What you have to do — Below are records that should be duplicated exactly, with no image retained.

== Records supplied ==

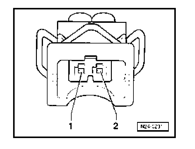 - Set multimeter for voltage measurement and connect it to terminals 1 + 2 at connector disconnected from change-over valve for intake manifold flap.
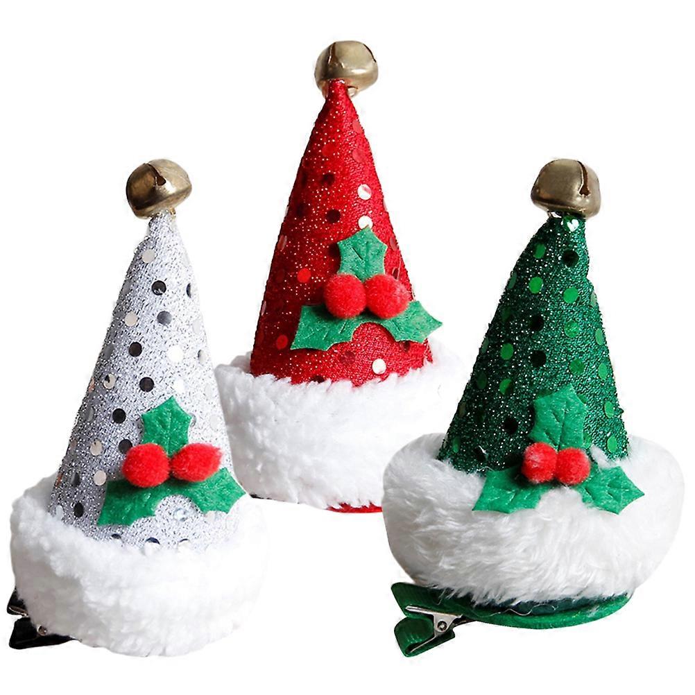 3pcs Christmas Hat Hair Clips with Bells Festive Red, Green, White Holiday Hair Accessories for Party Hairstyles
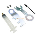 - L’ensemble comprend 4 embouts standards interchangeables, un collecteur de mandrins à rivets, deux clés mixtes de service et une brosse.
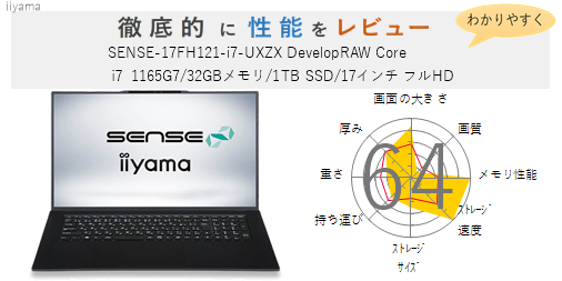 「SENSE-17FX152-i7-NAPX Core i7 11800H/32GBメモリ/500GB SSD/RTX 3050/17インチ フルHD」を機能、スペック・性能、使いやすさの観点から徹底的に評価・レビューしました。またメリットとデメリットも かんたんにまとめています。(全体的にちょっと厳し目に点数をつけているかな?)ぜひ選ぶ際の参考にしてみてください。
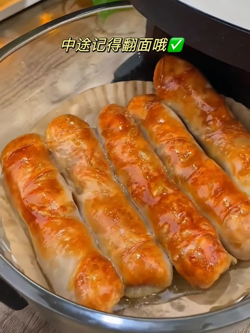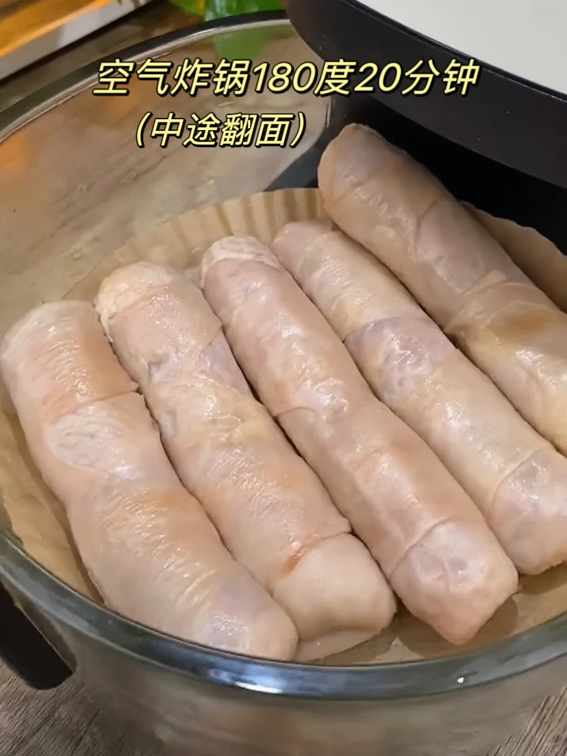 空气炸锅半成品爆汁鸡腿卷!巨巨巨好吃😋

===

Task solution —
 - Set multimeter for voltage measurement and connect it to terminals 1 + 2 at connector disconnected from change-over valve for intake manifold flap.
 3pcs Christmas Hat Hair Clips with Bells Festive Red, Green, White Holiday Hair Accessories for Party Hairstyles
 - L’ensemble comprend 4 embouts standards interchangeables, un collecteur de mandrins à rivets, deux clés mixtes de service et une brosse.
 「SENSE-17FX152-i7-NAPX Core i7 11800H/32GBメモリ/500GB SSD/RTX 3050/17インチ フルHD」を機能、スペック・性能、使いやすさの観点から徹底的に評価・レビューしました。またメリットとデメリットも かんたんにまとめています。(全体的にちょっと厳し目に点数をつけているかな?)ぜひ選ぶ際の参考にしてみてください。
 空气炸锅半成品爆汁鸡腿卷!巨巨巨好吃😋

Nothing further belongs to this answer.